Example: Azure Insights UI for OpenShift cluster
The following image shows the Azure Insights web interface for cluster monitoring and logging for a HeartAI instance of Red Hat OpenShift. This interface provides an overview of the OpenShift cluster, with information describing the current cluster resource utilisation. The Azure Insights cluster web interface provides:
- An overview of OpenShift cluster resource utilisation, including:
- Node CPU utilisation.
- Node memory utilisation.
- Node count.
- Active pod count.
Example: Azure Insights UI for OpenShift Nodes
The following image shows the Azure Insights web interface for Node monitoring and logging for a HeartAI instance of Red Hat OpenShift. This interface provides an overview of OpenShift cluster Nodes, describing the status and resource utilisation of cluster Nodes.

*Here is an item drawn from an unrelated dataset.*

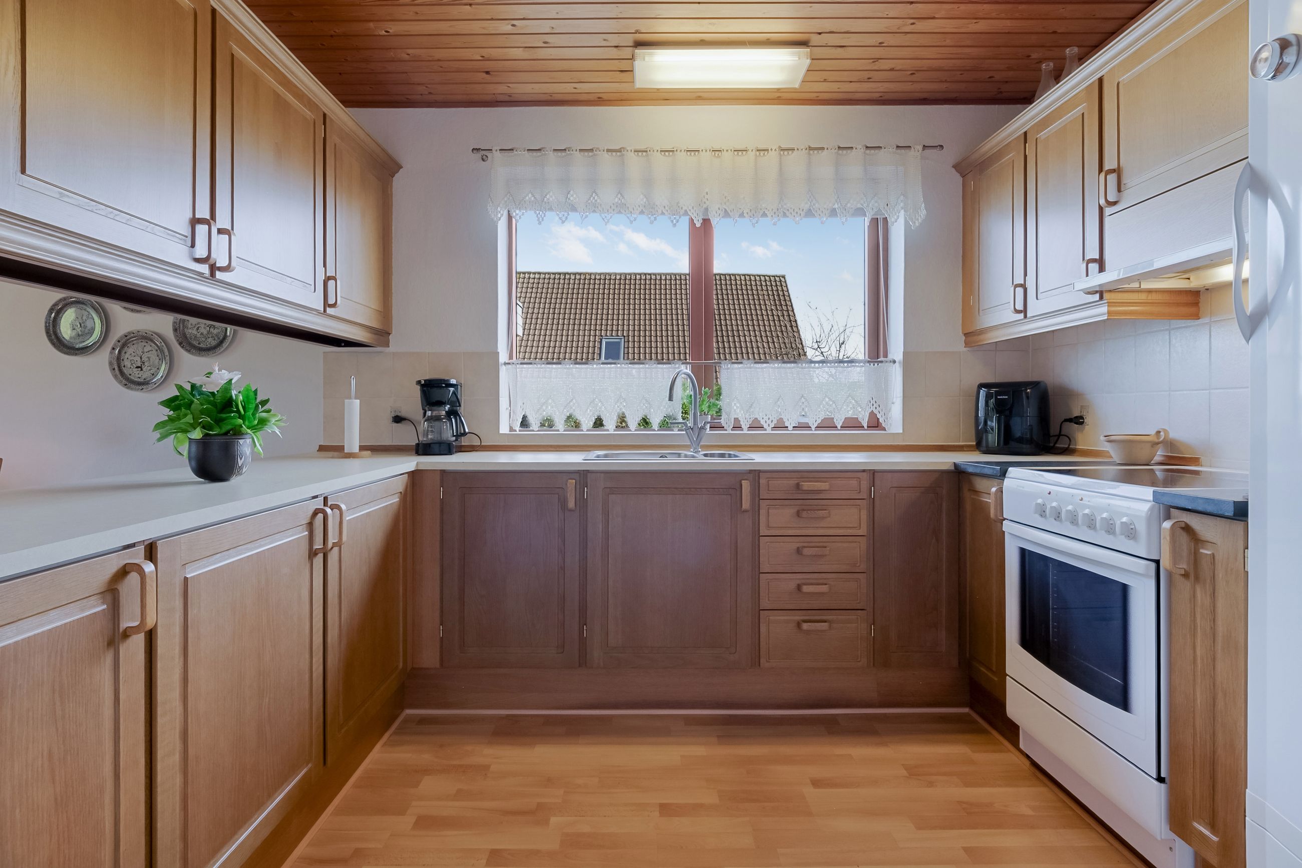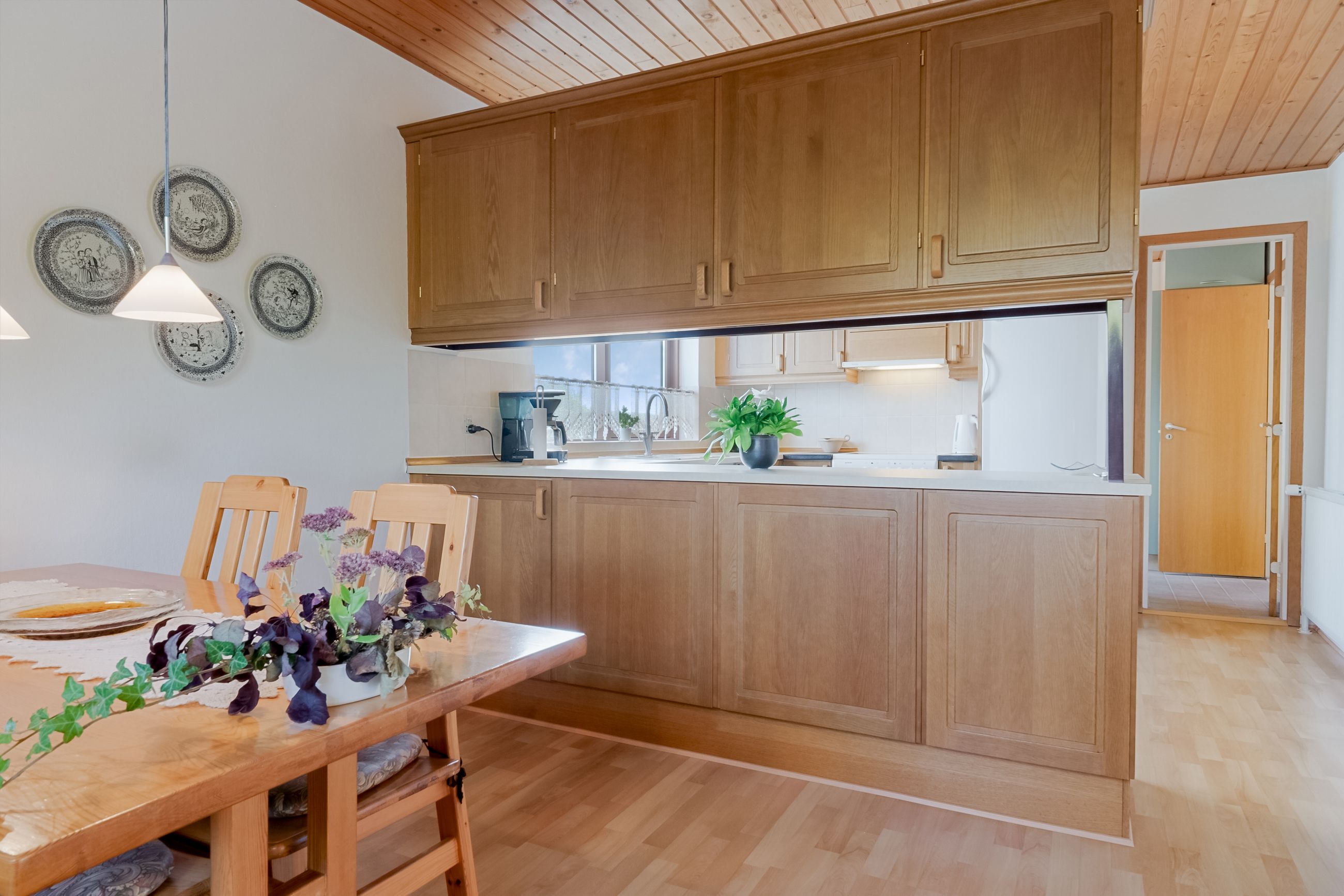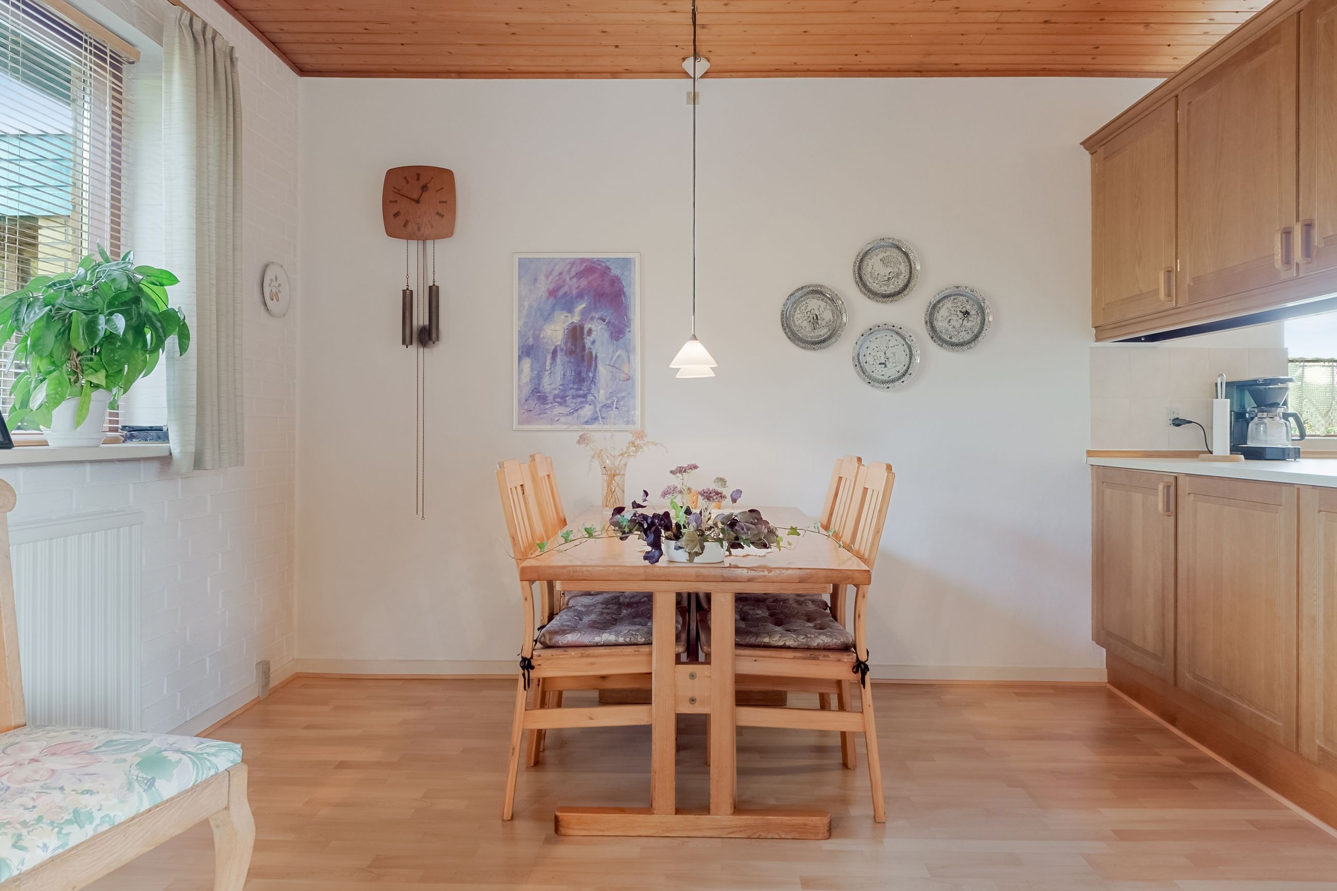 Fra bryggerset træder du ind i et charmerende køkken-alrum, hvor madlavning og samvær går hånd i hånd. Køkkenet har rigelig skabsplads, og de varme træfronter tilføjer hygge. Rummet giver plads til hverdagsliv med børn, der laver lektier, samtidig med at forældrene tilbereder mad – og til hyggelige aftener med gæster.
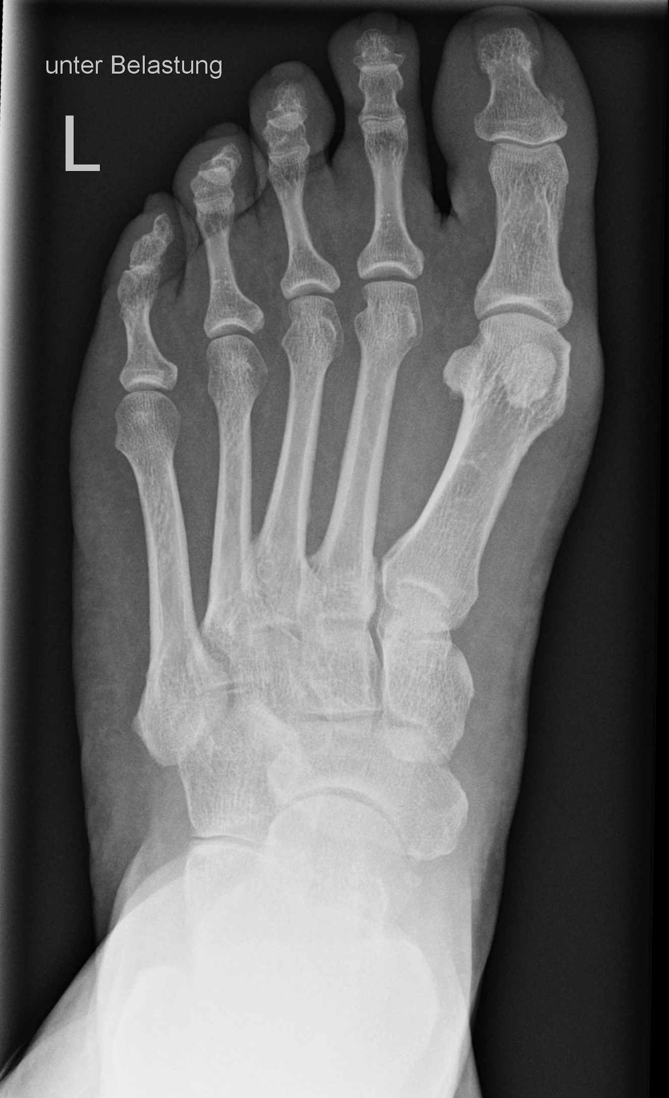 Metatarsalien decken sich an ihrer Basis, bei Verdacht auf Senkfuß eine Aufnahme im Stehen mit Belastung, d.h. gesundes Bein anheben, mit angestelltem Bildempfänger und horizontalem Strahlengang.

The Azure Insights nodes web interface provides:
- A tabled report describing OpenShift cluster Nodes, including:
- Node names.
- Node health status.
- Node CPU utilisation.
- Active container deployment count.
- Node uptime.
Example: Azure Insights UI for OpenShift controllers
The following image shows the Azure Insights web interface for controller monitoring and logging for a HeartAI instance of Red Hat OpenShift. This interface provides an overview of OpenShift cluster controllers, describing the status and resource utilisation of cluster controllers. The Azure Insights controllers web interface provides:
- A tabled report describing OpenShift cluster controllers, including:
- Controller names.
- Controller health status.
- Controller CPU utilisation.
- Active container deployment count.
- Container deployment restart count.
- Container uptime.
Example: Azure Insights UI for OpenShift containers
The following image shows the Azure Insights web interface for container monitoring and logging for a HeartAI instance of Red Hat OpenShift. This interface provides an overview of OpenShift cluster containers, describing the status and resource utilisation of cluster containers. The Azure Insights containers web interface provides:
- A tabled report describing OpenShift cluster containers, including:
- Container names.
- Container health status.
- Container CPU utilisation.
- Pod assignments.
- Node assignments.
- Container deployment restart count.
- Container uptime.
Example: Azure Container Insights collected metrics
For HeartAI instances of Red Hat OpenShift that are integrated with Azure Container Insights, the following metrics are collected:
Azure namespace | Metric | Description |
---|---|---|
Insights.container/nodes | cpuUsageMillicores | CPU utilization in millicores by host. |
Insights.container/nodes | cpuUsagePercentage | CPU usage percentage by node. |
Insights.container/nodes | memoryRssBytes | Memory RSS utilization in bytes by host. |
Insights.container/nodes | memoryRssPercentage | Memory RSS usage percentage by host. |
Insights.container/nodes | memoryWorkingSetBytes | Memory Working Set utilization in bytes by host. |
Insights.container/nodes | memoryWorkingSetPercentage | Memory Working Set usage percentage by host. |
Insights.container/nodes | nodesCount | Count of nodes by status. |
Insights.container/nodes | diskUsedPercentage | Percentage of disk used on the node by device. |
Insights.container/pods | podCount | Count of pods by controller, namespace, node, and phase. |
Insights.container/pods | completedJobsCount | Completed jobs count older user configurable threshold (default is six hours) by controller, Kubernetes namespace. |
Insights.container/pods | restartingContainerCount | Count of container restarts by controller, Kubernetes namespace. |
Insights.container/pods | oomKilledContainerCount | Count of OOMkilled containers by controller, Kubernetes namespace. |
Insights.container/pods | podReadyPercentage | Percentage of pods in ready state by controller, Kubernetes namespace. |
Insights.container/containers | cpuExceededPercentage | CPU utilization percentage for containers exceeding user configurable threshold (default is 95.0) by container name, controller name, Kubernetes namespace, pod name. |
Insights.container/containers | memoryRssExceededPercentage | Memory RSS percentage for containers exceeding user configurable threshold (default is 95.0) by container name, controller name, Kubernetes namespace, pod name. |
Insights.container/containers | memoryWorkingSetExceededPercentage | Memory Working Set percentage for containers exceeding user configurable threshold (default is 95.0) by container name, controller name, Kubernetes namespace, pod name. |
Insights.container/persistentvolumes | pvUsageExceededPercentage | PV utilization percentage for persistent volumes exceeding user configurable threshold (default is 60.0) by claim name, Kubernetes namespace, volume name, pod name, and node name. |
Example: Azure Monitor Action rules for Azure Container Insights
For HeartAI instance of Red Hat OpenShift that are integrated with Azure Container insights, Azure Monitor Action rules provide alerting functionalities to HeartAI administrators and developers.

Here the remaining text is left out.